_EXERCISE GOAL:_ Apart from the images, the entire listing below must be restated word for word.

_COLLECTED MATERIAL:_
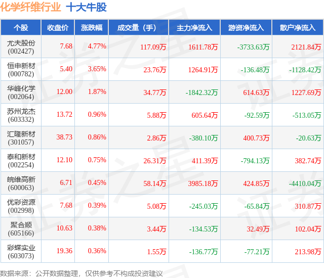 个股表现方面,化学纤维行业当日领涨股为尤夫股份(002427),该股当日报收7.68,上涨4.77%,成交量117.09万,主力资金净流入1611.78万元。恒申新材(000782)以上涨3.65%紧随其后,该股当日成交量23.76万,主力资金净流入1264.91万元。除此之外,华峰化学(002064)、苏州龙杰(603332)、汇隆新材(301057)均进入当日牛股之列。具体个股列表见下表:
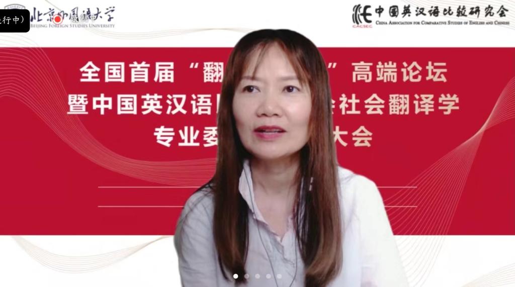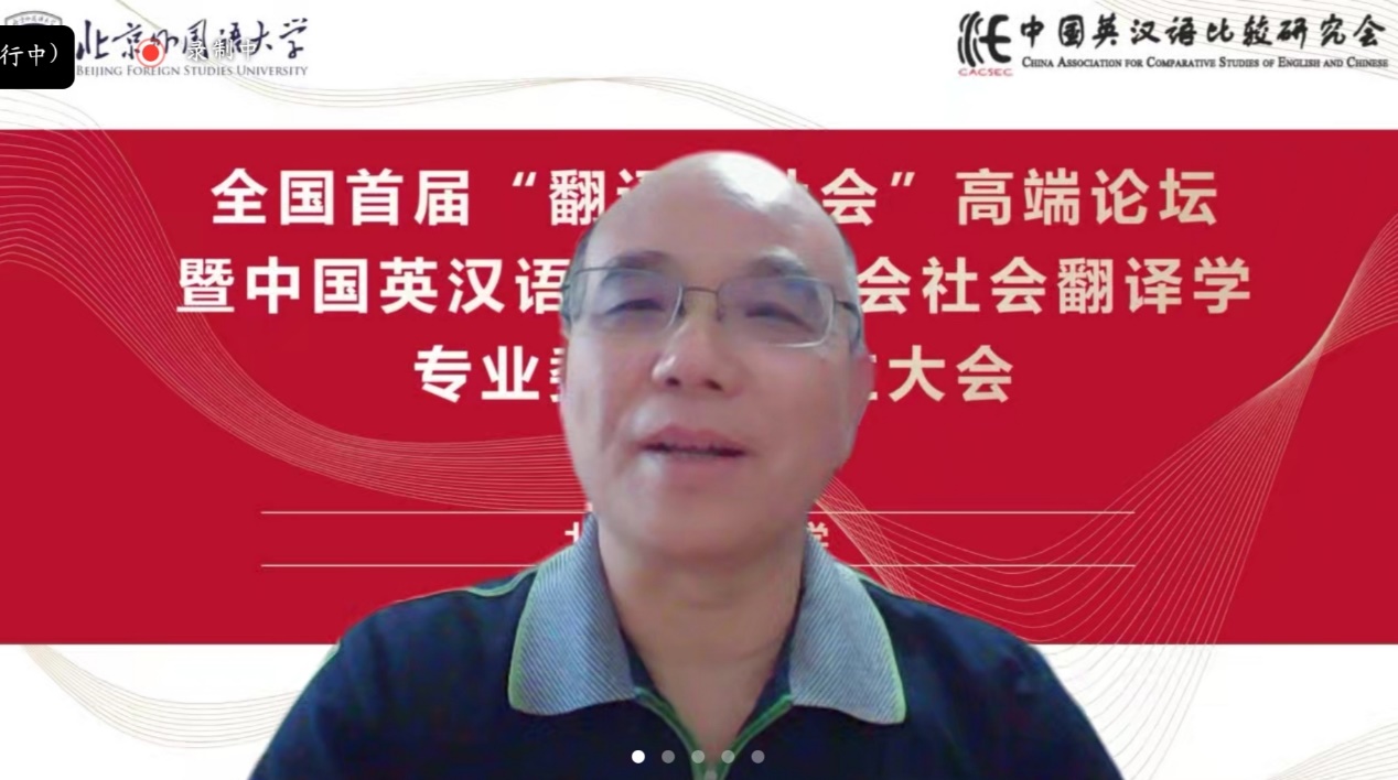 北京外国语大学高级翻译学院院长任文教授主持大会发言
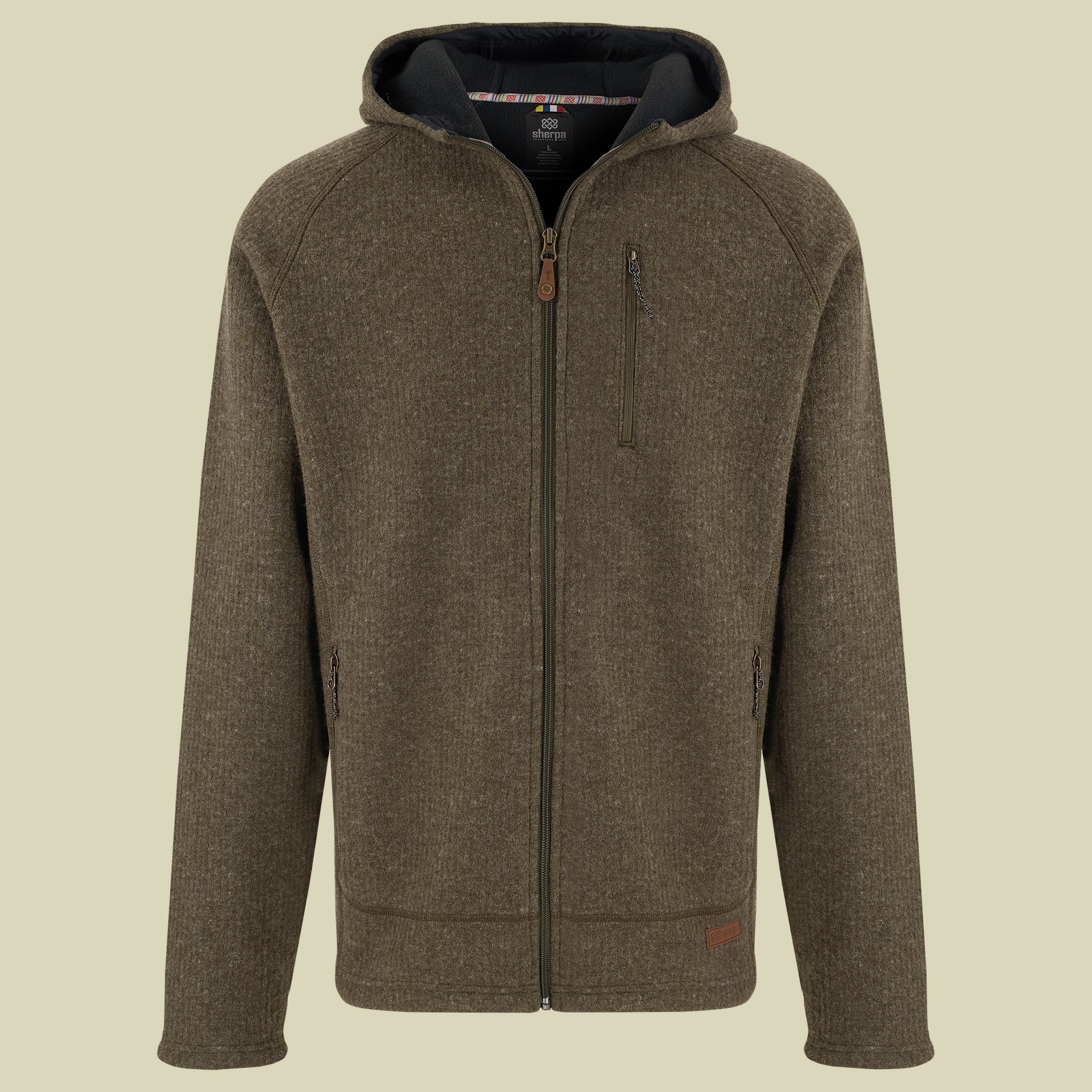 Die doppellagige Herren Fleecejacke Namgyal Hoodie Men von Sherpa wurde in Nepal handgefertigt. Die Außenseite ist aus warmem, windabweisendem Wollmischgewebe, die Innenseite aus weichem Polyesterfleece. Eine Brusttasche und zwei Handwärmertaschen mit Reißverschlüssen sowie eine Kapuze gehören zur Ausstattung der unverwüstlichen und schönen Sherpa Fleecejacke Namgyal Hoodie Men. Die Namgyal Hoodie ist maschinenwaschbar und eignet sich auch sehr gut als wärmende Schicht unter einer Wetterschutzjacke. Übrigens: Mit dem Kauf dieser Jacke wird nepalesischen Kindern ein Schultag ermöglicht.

_EXPECTED ANSWER:_
 个股表现方面,化学纤维行业当日领涨股为尤夫股份(002427),该股当日报收7.68,上涨4.77%,成交量117.09万,主力资金净流入1611.78万元。恒申新材(000782)以上涨3.65%紧随其后,该股当日成交量23.76万,主力资金净流入1264.91万元。除此之外,华峰化学(002064)、苏州龙杰(603332)、汇隆新材(301057)均进入当日牛股之列。具体个股列表见下表:
 北京外国语大学高级翻译学院院长任文教授主持大会发言
 Die doppellagige Herren Fleecejacke Namgyal Hoodie Men von Sherpa wurde in Nepal handgefertigt. Die Außenseite ist aus warmem, windabweisendem Wollmischgewebe, die Innenseite aus weichem Polyesterfleece. Eine Brusttasche und zwei Handwärmertaschen mit Reißverschlüssen sowie eine Kapuze gehören zur Ausstattung der unverwüstlichen und schönen Sherpa Fleecejacke Namgyal Hoodie Men. Die Namgyal Hoodie ist maschinenwaschbar und eignet sich auch sehr gut als wärmende Schicht unter einer Wetterschutzjacke. Übrigens: Mit dem Kauf dieser Jacke wird nepalesischen Kindern ein Schultag ermöglicht.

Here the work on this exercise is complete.